At the moment I am in Cambodia, a country considered to be one of the least developed in Asia.

Prior to coming here I was in Malaysia. While I was in Melaka there was a celebration because the state of Melaka had achieved developed status. One English-language newspaper had a supplement celebrating this occasion. A whole page was devoted to listing the criteria by which Melaka could be compared with developed countries and found to also be developed.

There was one criteria that I believe was missing. That is the serviette index.

In Asia, dining out is the norm. More often than not it is cheaper to dine out than to eat at home. So why go to all the trouble of preparing a meal? I'm not suggesting that everyone always dines in classy restaurants. Most people don't. They buy street food or something that is just one step above that. The food is still good. But you're not paying for classy surroundings. In Malaysia there are food courts, independent of malls, that sell a wide variety of foods at reasonable prices. This is where many Malaysian people eat on a daily basis.

Until my recent visit, I've had three years of spending very little time in Malaysia. Prior to that I'd stayed in Malaysia for months at a stretch. What I noticed on my return was that most of these cheaper eating places, including many restaurants, no longer provide serviettes.
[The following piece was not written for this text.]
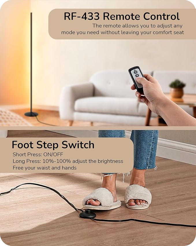 - [RF-433 Remote Control] The RF-433 remote control can effortlessly control the minimalist floor lamp from 49 feet away, allowing you to choose between 7 brightness levels. With just one click, you can switch to the night light mode, which is 30% brightness of normal, and the memory feature can remember your last setting
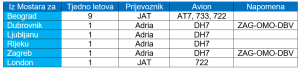 Nažalost nakon operacija prve zime sa tri tjedna leta, Air Serbia je ove zime 2025/26 smanjila broj letova na dva tjedno. Ipak cijeli ljetni red letenja 2026. i dalje leti tri tjedna leta. Interesantno ali Mostar ima više letove za Beograd od veće i „srpske“ Banja Luke.

OK, let's get this straight. You don't get a real serviette in any but the more expensive restaurants and there you still do. In the others, the cheaper restaurants, the food courts and the street establishments, you used to get tissues. They do the job. You finish the meal and you need something to wipe your mouth and fingers. A tissue is all you need. There used always to be a plastic box of tissues on the table and you helped yourself.

They're no longer there.

I asked my friends, 'Has this changed or is my memory deceiving me?'

My friends told me that in recent years tissues have gradually disappeared from the tables of all these cheaper eating places. You need to bring your own.

There is one place in Melaka where I used to eat regularly when I stayed there before. The first night I went there on my return the woman who ran the place didn't seem to recognise me. But the second night she seemed to be staring at me a lot. When I went to pay my bill she said, 'How come you not come long time?'

This place is the exception. They still have proper paper serviettes. Not tissues but real serviette-sized thick folded paper for wiping your face and hands. But they don't leave it on the tables. They have it on the counter.
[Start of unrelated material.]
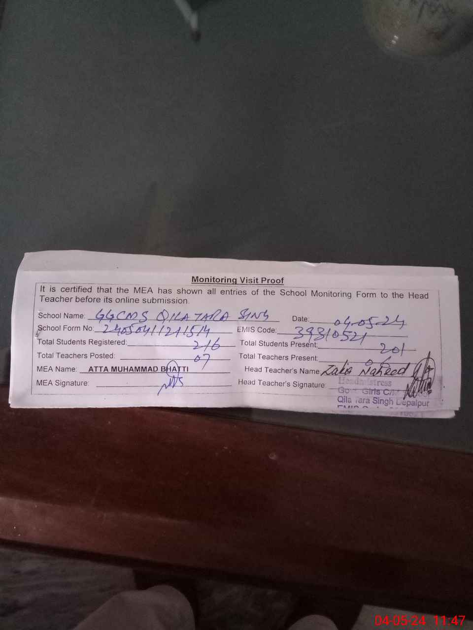 | Attendance Register | Head Teacher | MEA with School | Visit Proof |
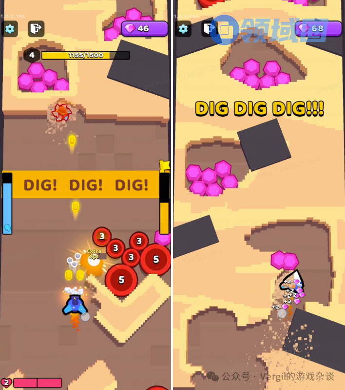 - 关卡进度过半后进入的挖地模式非常爽快,能有效调节前半程玩家的压抑体验,并且从进度上委婉告知玩家当前的进程

At this restaurant I recognised a guy, about my age, who seemed to eat there every night. He stares straight at me every night but can't so much as nod. And this guy, I noticed on several nights, goes to the counter and casually takes a bundle of serviettes, folds them and puts them in his pocket. Perhaps it's because of people like him that the other places have stopped providing tissues.


But now back in Cambodia everywhere I eat, even the cheapest street stalls, they always provide a box of tissues. If there was a serviette index for measuring development, Cambodia would be considered a more developed country than Malaysia.